What if travel managers didn’t even need to look at expense reports to make sure their employees didn’t expense the wrong trip? What if employees didn’t have to worry about picking the right card, collecting receipts, and submitting reports? We hated doing those things ourselves, so we on U4B decided that it was time to simplify this across the board.
Enter U4B Policies
For customers using our centralized platform, we added ride policies. The account administrator creates a policy within our web app, and now their employees can only ride when the policy applies. We use this ourselves to offer employees a ride home if they’re leaving the office late, and it works brilliantly. Let’s take a look at how we built this feature.
System Requirements
First, let’s figure out some of the U4B policy system requirements. From the customer’s perspective, we need a simple but powerful system that lets users express complex constraints without having to write any code or pseudocode. This is an interesting problem in and of itself, but for brevity’s sake let’s focus on the back-end requirements.
Consider this potential constraint, expressed in English:
“You can ride if it is after 9pm Wednesday–Friday and you are leaving the office.”
It is already evident that our system needs to handle some simple characteristics:
- Inequality (time > 9pm)
- Membership (day in [Wednesday, Thursday, Friday])
- Boolean operands (time and day)
Yet it must also handle some more complex ones, like geospatial conditions (leaving the office). The first three need no explanation; the last we can rewrite to something that seems more familiar. The simplest way to check if someone is “at the office” is checking that the haversine distance between the user’s location and the office is below a given threshold. We can distill this process to two components: a function execution (haversine distance) and another inequality check (distance < threshold).
We also need to be able to evaluate these rules in real time; we don’t want the rider to have to wait while we’re checking if they’re within policy. This means that the upper bound for acceptable performance, even including outliers, is somewhere in the region of tens of milliseconds.
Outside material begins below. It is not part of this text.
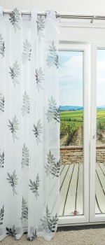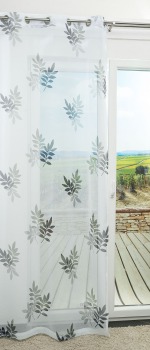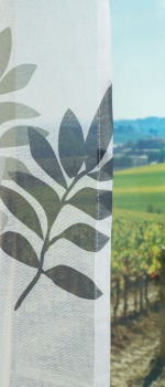 Die Blätter, die an die einer Esche erinnern, sind auf dem hellen Hintergrund in Dreier-Konstellationen angeordnet. Sie unterscheiden sich in Grösse, Ausrichtung und Intensität der Farbe. Mit dem transparenten Stoff am Fenster wirkt der Raum heller und offener, es kommt viel Licht hindurch. Da der Ösenschal in erster Linie dekorative Zwecke erfüllt, lässt er sich wunderbar mit anderen, blickdichten Vorhängen kombinieren und an einer Gardinenstange aufhängen. Das Polyestergewebe ist an den Seiten und am Abschluss gesäumt; gern kürzen wir die angegebene Fertiggrösse auf eine für Ihre Fenster passende Länge.

Execute Rules Like It’s 1999
Now that we know our requirements, we can start thinking about how to solve this problem. Many engineers will approach it in a broadly similar way:
- Define a grammar
- Write a parser
- Parse the rule into an abstract syntax tree (AST)
- Evaluate the AST
This tried-and-true solution can be seen all over the industry. The downside is that this cycle is executed repeatedly for every domain-specific problem. We wanted to push ourselves to do better and create something reusable in a small, clean, and simple way that ends this sadistic cycle. Here’s the challenge:
Using any number of existing tools, write a solution to the above problem in under 30 lines of code.
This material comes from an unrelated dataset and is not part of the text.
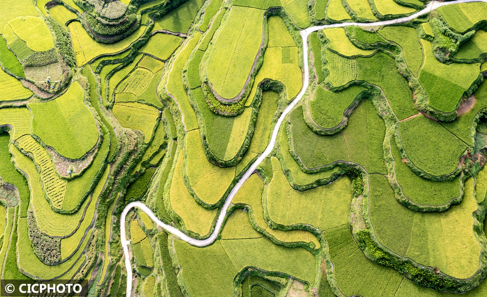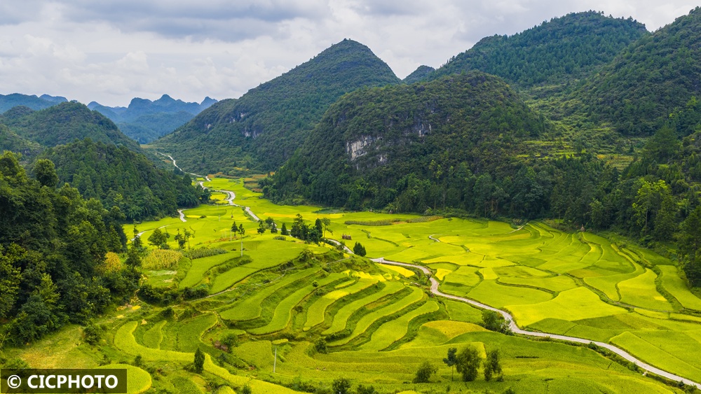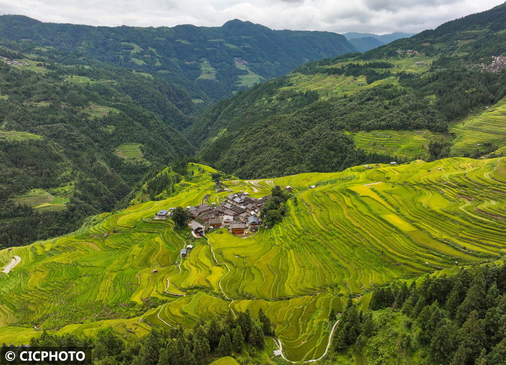 ↑2025年9月7日在贵州省黔东南苗族侗族自治州从江县洛香镇上皮林村拍摄的稻田。(无人机照片)CICPHOTO/罗京来 摄

Before you go dredging up your old textbooks on formal grammars, it’d be wise to consider whether any tools and libraries out there have already solved this problem. The short answer is: there are many. If you’re familiar with projects like PegJS, which will generate a parser for you, you’re probably feeling pretty good knowing that you have just completely cut out step 2.
That’s a great optimization, but we can further save ourselves the trouble of writing code for any of the above steps by combining small, open source modules that already exist. What if, rather than writing our own domain-specific language, we used the subset of a very generic language for which these tools already exist. It’s 2016, so I am of course talking about JavaScript.
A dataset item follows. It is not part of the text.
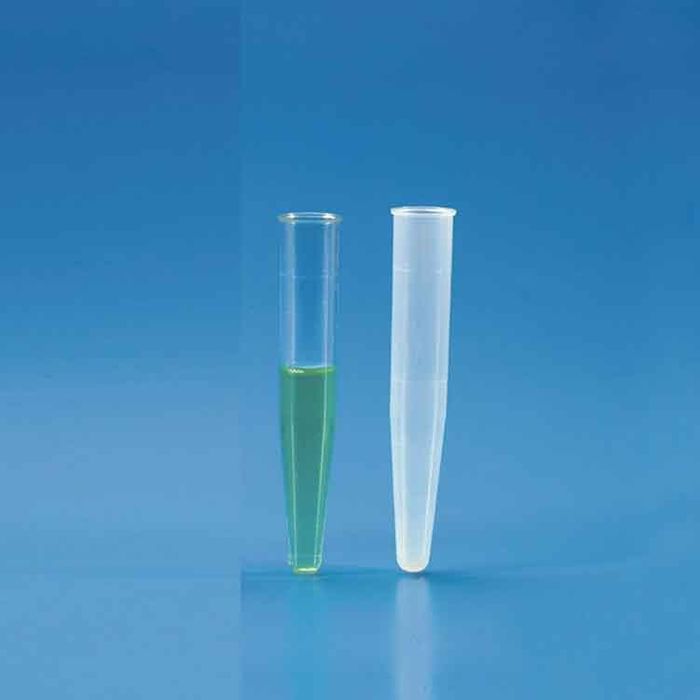 Disposable tubes with a conical bottom and rim, for laboratory use. Made of PP. Can be used in centrifuge. Comes in packs of 2,000.

While ECMAScript defines how JavaScript should be interpreted, it doesn’t define a single way to parse JavaScript into a consistent format. Luckily, other engineers have defined this. A project to expose an API to the JS parser in SpiderMonkey gave us a lingua franca for JavaScript AST representations, and many tools have sprung up that use this format. This is an extremely powerful thing to have; many of the tools to which we entrust our code quality in the JavaScript ecosystem, such as linters and code coverage libraries, depend on this representation at a low level.
We now have our grammar (JavaScript), and the other two tools we need (the parser and the evaluator) already exist in the form of Esprima and static-eval. Esprima takes some valid JavaScript as input and then outputs an AST. When given a set of facts, static-eval traverses that AST and evaluates it in a safe way.
That leaves us with just a tiny little bit of glue code to complete our challenge:
There’s the basis of our extremely simple rule engine in just seven lines of code. We can now evaluate any valid JavaScript expression:
We are also able to expose functions in order to evaluate more complex rules. Something that would’ve required a change to the grammar, lexer, and parser is now a trivial change:
With a simple application of the haversine Node.js module, we can now implement our check for being at the office.
Modular and Extensible
While we were able to implement a simple rule evaluator in just a few lines of code, the real power of this system lies in its modularity and extensibility. In order to get from the user picking some options in the web app to an executable rule, we need to go through a few steps of transformation, separating these steps into layers:
The above diagram broadly categorizes the system into four layers: input, domain, rule, and execution. Let’s consider how our original requirement (“you can ride if it is after 9 pm Wednesday–Friday and you are leaving the office”) traverses through these layers into the final product.
Input
The input layer describes how we allow the user to create the rule. We have already discussed allowing the user to select times from a dropdown menu, but we may wish to let engineers write rules directly in JavaScript or extend the interface to allow for natural language input. For our example, as the user selects options in the UI, we can create a JSON representation of those inputs:
Domain
The domain layer exists to coerce one or more inputs into rules that may be executed. For ride policies, we combine all atomic rules of the same type (e.g., time) with an `||` and rules of different types with an `&&`, but other systems may be different. For example, we may want to represent “6am–9am, or 8pm–1am” for available commute times. This lets us translate from a number of distinct components into a set of rules that must all pass in order for a ride to happen:
Remember that this is a valid JavaScript expression that we can then pass to the rule layer and on to the execution layer (both of which we have covered) at request time. Note that the modularity of the system is also beneficial at evaluation time. If we have a complex rule that requires sourcing a lot of data for facts from other distributed systems, we may wish to optimize the execution with a “lazy evaluator”. We can simply swap out the static-eval module with one that knows how to fetch data from other systems when needed and short-circuits if any of those conditions return false.
Request Time
We’ve shown that this system meets all of the rule evaluation requirements while still having a very simple and modular implementation, but does it perform well enough in order to run at request time? To ensure that the system performed well enough to insert into the request flow, the logic that executes when a rider requests a car, we benchmarked the rule evaluator with BenchmarkJS. The mean execution time was around 100 microseconds with a very small variance (0.0001 standard deviation), well within our limits.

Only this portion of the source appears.